Broken Social Scene - Forgiveness Rock Record

by Pete Sykes Rating:8.5 Release Date:2010-05-10

Canadian supergroup Broken Social Scene - led by Junior Blue's Kevin Drew - have always seemed like a bit of an experiment. The band's constantly changing line up - which has taken in members of Stars, Do Make Say Think, Metric, as well as coffee-shop chanteuse Feist - has seemed to see the side-project as an opportunity to throw restraint and sometimes taste out of the window and make huge, epic, grandiose music. The last two Broken Social Scene albums, 2002's You Forgot it in People and 2005's self-titled effort, had some magnificent moments (listen to 'Stars and Sons' from the former and '7/4 Shoreline' from the latter) but often felt excessive, with everything but the kitchen sink thrown onto the record. With so many musicians (the number varies; at one point the band had nineteen members) it's perhaps not surprising that Broken Social Scene's music is overflowing with ideas, often to the point of excess; Forgiveness Rock Record, their fourth album, continues this tradition, but sees Drew at times reining the music in and therefore creating the band's most consistent set to date.

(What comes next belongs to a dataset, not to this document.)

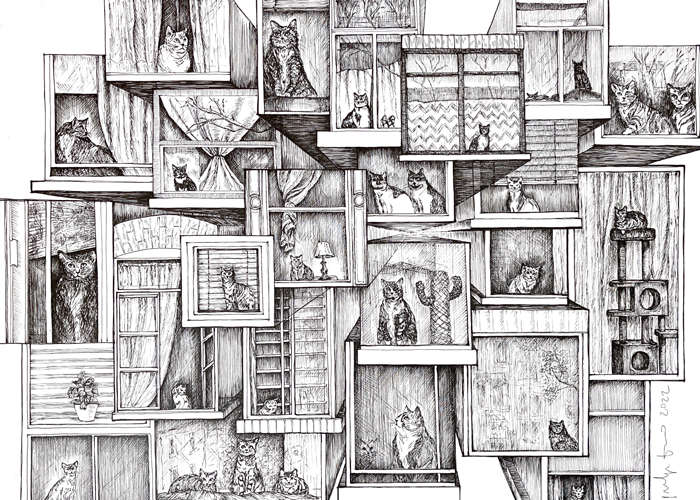 Window cats of PSC, pen & ink, 2022

If that description makes Forgiveness Rock Record sound dull or restrained, fear not - there are some mighty tracks here. Opener and lead single 'World Sick' is an epic construction: from a lazy, sunny guitar lick it builds into an enormous chorus, before lulling and swelling again. The series of massive crescendos and releases, spread over seven minutes, feel thrillingly intense and almost operatic. It's followed by 'Chase Scene', which opens with an ominous synth figure and dramatic strings, before intensifying into something darker, as the strings become thrillingly dissonant and drums pound. The primal riff on 'Forced to Love' contrasts beautifully with the swell of organ and lush harmonies of the chorus. 'All to All', sung by Lisa Lobsinger, feels like the centrepiece of the album - underpinned by throbbing guitars and synths, decorated with viola and, again, intriguing, unusual harmonies, it's gorgeous. 'Highway Slipper Jam' is more restrained but just as pretty, a languid, sunny acoustic guitar meander.

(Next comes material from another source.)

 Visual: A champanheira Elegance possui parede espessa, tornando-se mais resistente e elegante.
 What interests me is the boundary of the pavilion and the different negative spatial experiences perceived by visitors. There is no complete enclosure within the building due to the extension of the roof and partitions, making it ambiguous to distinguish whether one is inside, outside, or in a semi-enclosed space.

I could go on. Almost every song has something to recommend it; there's a lot to enjoy here. Perhaps too much - at 14 tracks and 63 minutes, the record could have been a little more digestible. But the standard is high throughout and it's more accessible than most of the material on previous Broken Social Scene albums, while still retaining a sense of experimentation. John McEntire's production locates all the right textures while keeping the sound clear and crisp; there's not the fuzziness and lo-fi crackle that made You You Forgot it in People feel a little messy. McEntire and Drew seem to have found a way to focus the minds of their gaggle of creative talents onto a single goal: to make rich, powerful, complex and heartfelt pop music. On that score, Forgiveness Rock Record is a resounding success.